Thank you everyone, I have decided to buy what I can from the local store even though its a little more expensive because it is a local mom and pop place with very friendly people and the things I either want a better quality (like the corker) or items I cant get there I will search out with the list above.
Thank you again for all the help


----------



## sfisher

I use Midwest supply


----------



## kilocharlie

E.C. Kraus - Ed is a 3rd generation brewer, sends out an excellent e-newsletter, and has a lot of supplies in his catalog.

Locally, I get things from Surf Brewery in Ventura, California.

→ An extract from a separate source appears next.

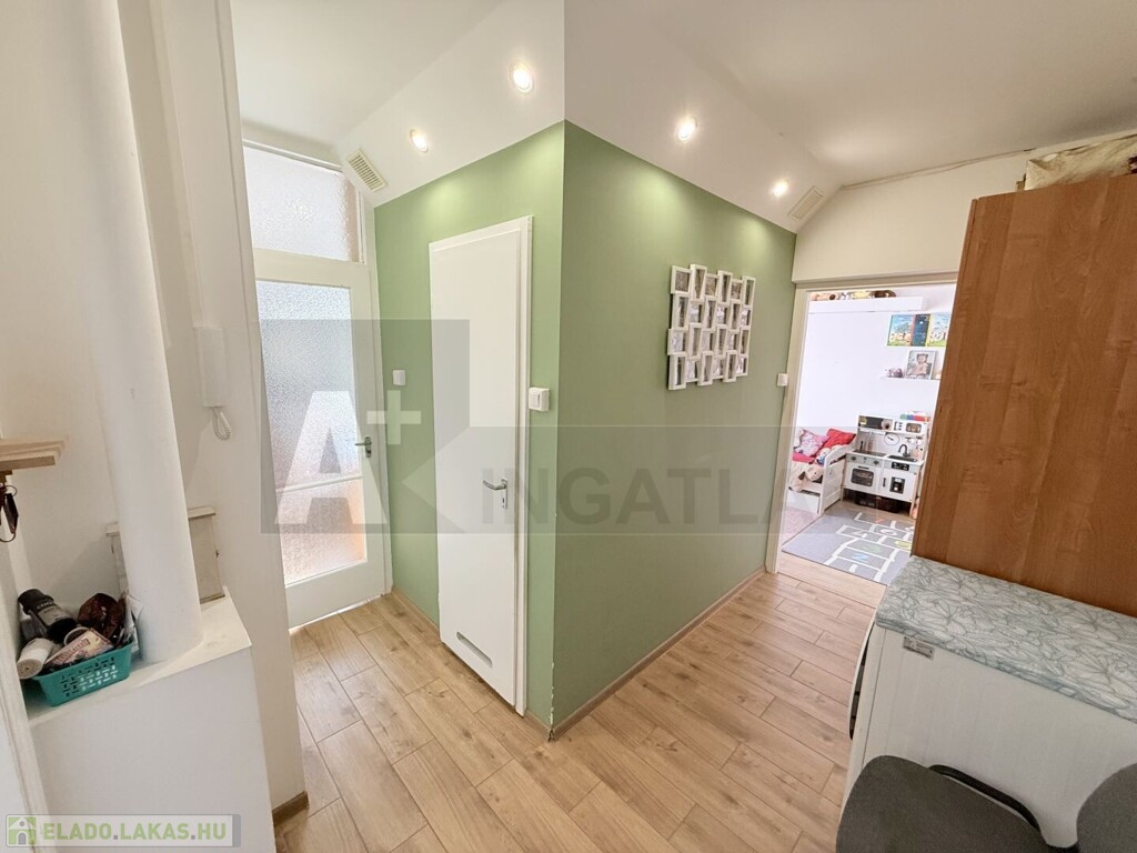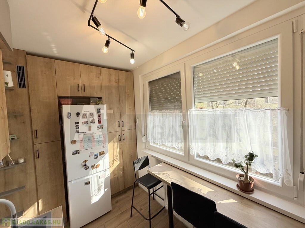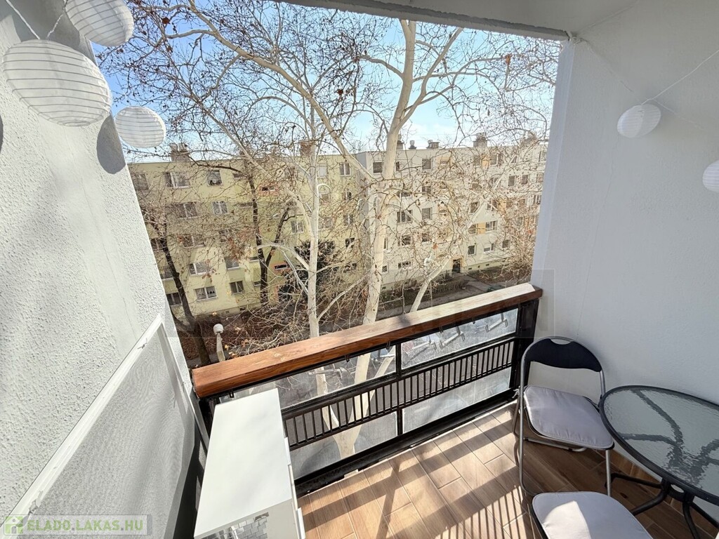 A 10 emeletes ,felújított liftes , panel építésű társasház rendezett , jó lakóközösséggel .

I recommend joining a club while you are a newbie, like me. I am lucky to have one of the oldest home brewing clubs in the country nearby, the Maltose Falcons, in Los Angeles.


----------



## mppatriots

Love2Brew.com is out of Jersey so you will get your goods very fast. I'm out of Mass and I usually can order Monday and get my supplies on Tuesday. Shipping is free for orders over $75.


----------



## woodsy

Midwest supplies , free shipping on orders totaling $59.


----------



## Tenbears

woodsy said:


> Midwest supplies , free shipping on orders totaling $59.


I second that, and last month they had a free 6 gallon carboy with a $150.00 order, that and free shipping made it a great deal. I stocked up on everything from shrink caps to yeast. and go two carboys.


----------